One will sit behind the wheel, with hands at the ready to take over in sticky spots, while the other monitors the car's behaviour.
Uber will not give a timeline, but it aims to reduce that to one technician, still behind the wheel, to intervene and to satisfy existing state policies that require a driver in a car.
The goal, Uber officials say, is to get to zero interventions and no technician along for the ride.
The move has put Uber ahead of the rest of the auto industry in getting such cars out for the general public. The major carmakers all have driverless development programmes, as do tech giants Google and Apple. And many automakers already have cars on the road with advanced driver assist technology, most notably Tesla.
Indeed, Uber itself was beaten to the punch at launching the first driverless call service by the Singapore startup nuTonomy, which put six cars on the road at the end of August.
But the Singapore experiment is so far limited to a smallish area on the very flat, well-planned Southeast Asia island.
Uber's landscape is the whole of Pittsburgh, a major US city with very steep hills, old narrow streets and multiple bridges and highways built through the middle.
What allowed Uber to get to the front of the pack was not auto engineering but rather its ability to accumulate and crunch massive amounts of data on road and driving conditions collected from the billions of miles driven by Uber drivers.
"We have one of the strongest self-driving engineering groups in the world, as well as the experience that comes from running a ridesharing and delivery network in hundreds of cities," said Uber founder and chief executive Travis Kalanick in a blog post today.
The introduction of driverless cars challenges the image of what Uber has become: an app-based service of the "gig economy" that gave millions of car owners around the world the chance to make money ferrying passengers without taxicab licenses or other permissions.
But Uber's vision suggests a world of taxis on call by app with no drivers at all.
"Self-driving is core to Uber's mission," Anthony Levandowski, Uber's vice president of engineering.
That would be far away, Uber officials stress.
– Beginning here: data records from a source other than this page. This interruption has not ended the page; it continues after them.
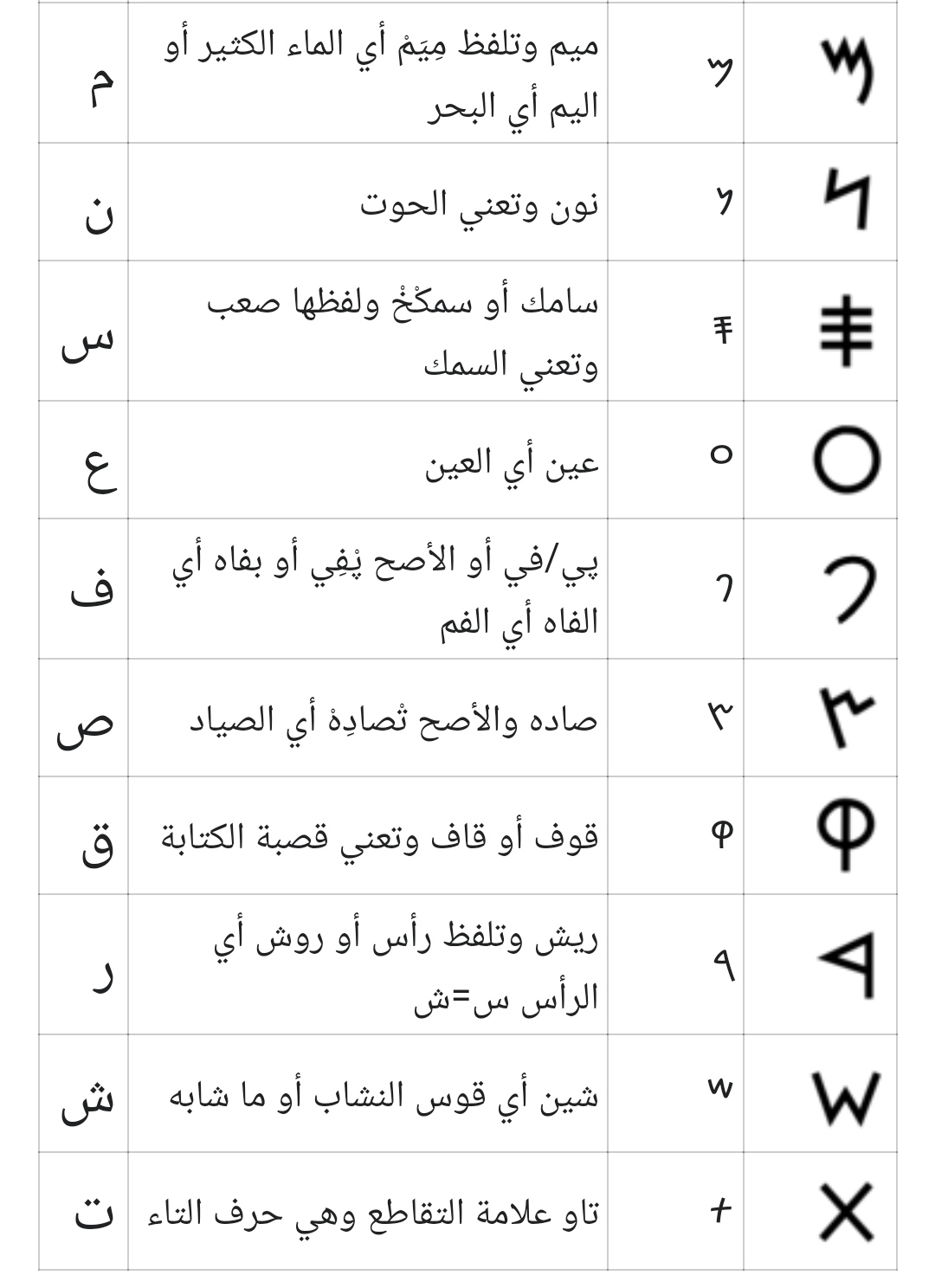 السطر الثاني الفينيقي ا ش م ن ع ز ر ك هـ ن ع ش ت ر ت م ل ك ص د ن م ش ك ب ب أ ر ن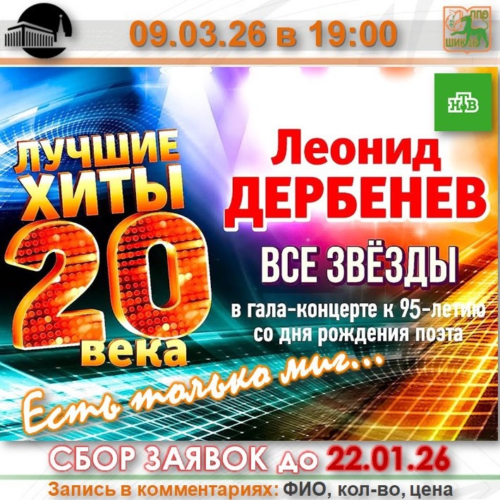 Гала-концерт «Есть только миг между прошлым и будущим», посвящённый 95-летию со дня рождения поэта. 📆 9 марта 2026 года в 19:00 🏛 Государственный Кремлёвский Дворец 🎫 Балкон середина 3, 4 ряды - 2700₽ 🎫 Партер 26, 27, 28 ряды - 3600₽ 👛 Цены указаны со скидкой в 10% «Есть только миг», «Все могут короли», «Остров Невезения», «Гадалка», «Куда уходит детство?», «Этот мир придуман не нами», «Три белых коня» и многих других. На счету поэта более 2500 песен, большинство из которых стали народными хитами. Музыку на стихи Дербенева писали Александр Зацепин, Арно Бабаджанян, Вячеслав Добрынин, Максим Дунаевский, Евгений Мартынов, Эдуард Артемьев, Александр Журбин, Давид Тухманов, Юрий Антонов, Александр Морозов, Игорь Крутой и другие. В этих творческих союзах появились песни, которые поют и сегодня. А песня «Лучший город Земли» стала неофициальным гимном Москвы! ✨Песни маэстро в этот день придут исполнить звёзды российской эстрады. Концерт проводится при поддержке Министерства Культуры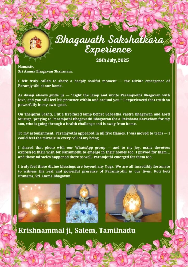 私はその写真を私たちのWhatsApp(ワッツアップ)グループにシェアいたしました。-すると、嬉しいことに、多くの信奉者たちが、自分たちの家でもパラムジョッティが顕れることを願っていると表明してくれました。私は彼らのためにも祈りを捧げました。…すると、彼らの家でも同じように そうした奇跡が起こりました。パラムジョッティが彼らにも顕れたのです。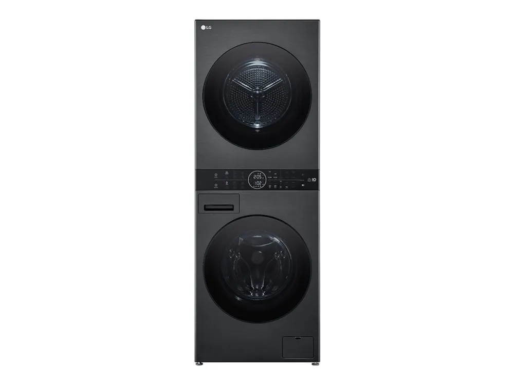 LG WashTower WT1210BBF - Washer/dryer set - Wi-Fi - bredde: 60 cm - dybde: 66 cm - høyde: 165.5 cm - frontileggelse - 12 kg - 1400 rpm - platinum black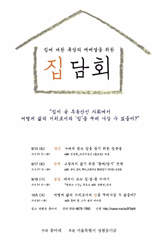 사실 대학이나 정치조직에 속해 있는 이에겐 여성주의자 공동체를 찾는 것이 그리 어려운 일이 아닐 것이다. 하지만 직장생활, 분야가 나뉘어 있는 활동영역, 고시준비 등 각자의 생활에 매진하는 나와 친구들은 각자의 주거와 생활을 지지할 기반을 찾기 어려웠다. 그런데 뒤늦게 줌마네를 통해 만난 사람들은 이미 삶의 단단한 기반을 가지고 있는 것처럼 느껴졌다. 그래서 궁금해졌다.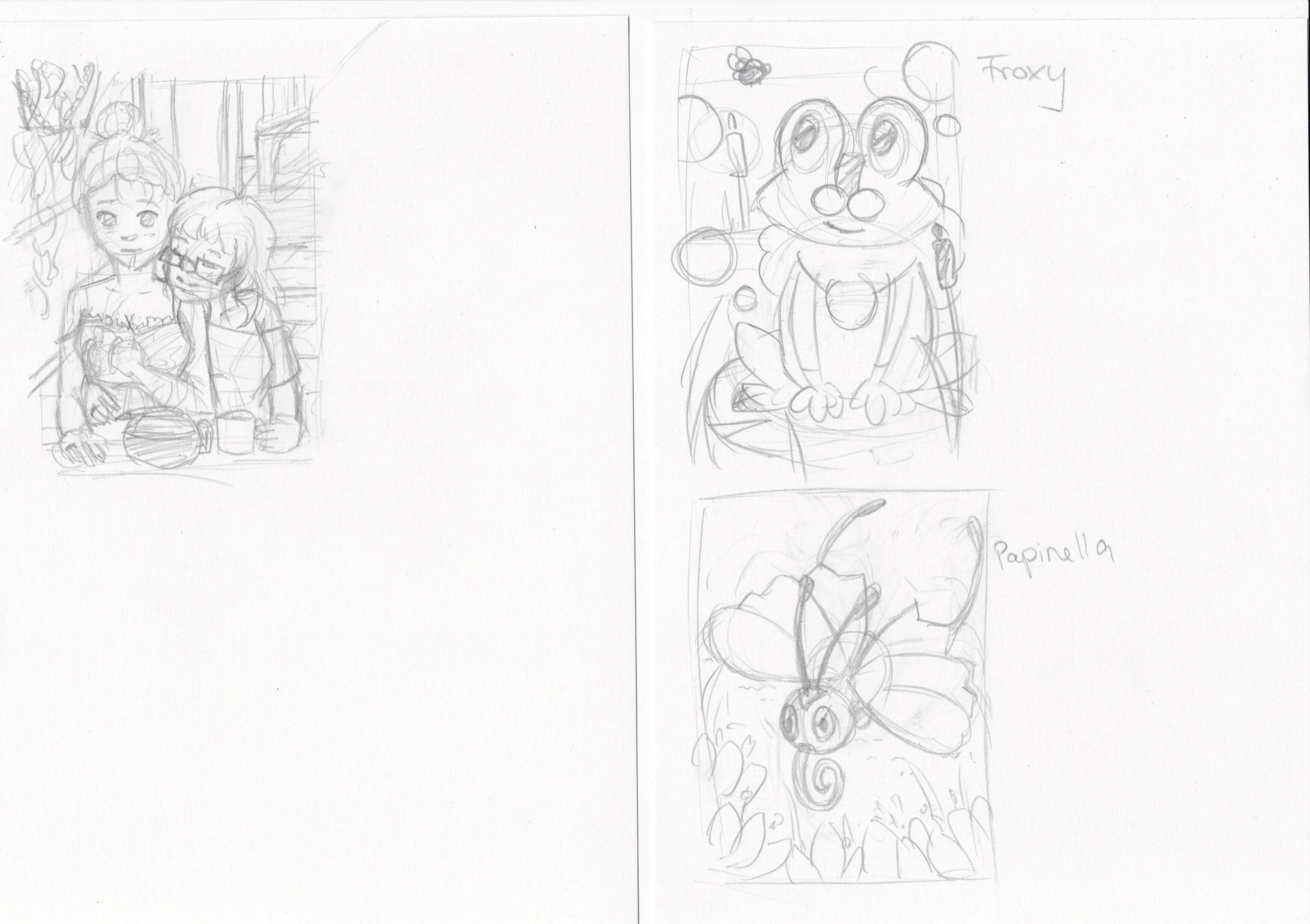 Und für @Vulnonchen hätte ich aktuell die beiden Pokemonskizzen. Ich würde zu Froxy tendieren, kann aber auch gerne Papinella zeichnen, je nach dem, was du lieber hättest :)

They still expect over the long time, a mix of cars with and without drivers on the road.
Levandowski came to Uber when it took over his own startup Otto, which was developing self-driving technology for commercial trucks. The company now has six driverless trucks being tested on california roads.
Kalanick says the main aim is to create safer roads.
"Self-driving Ubers have enormous potential to further our mission and improve society: reducing the number of traffic accidents, which today kill 1.3 million people a year; freeing up the 20 percent of space in cities currently used to park the world's billion plus cars; and cutting congestion, which wastes trillions of hours every year," he said.
So far, company officials say, they have not experienced any accidents. But they have trained the cars' minders on how to respond if it happens, which they say is inevitable.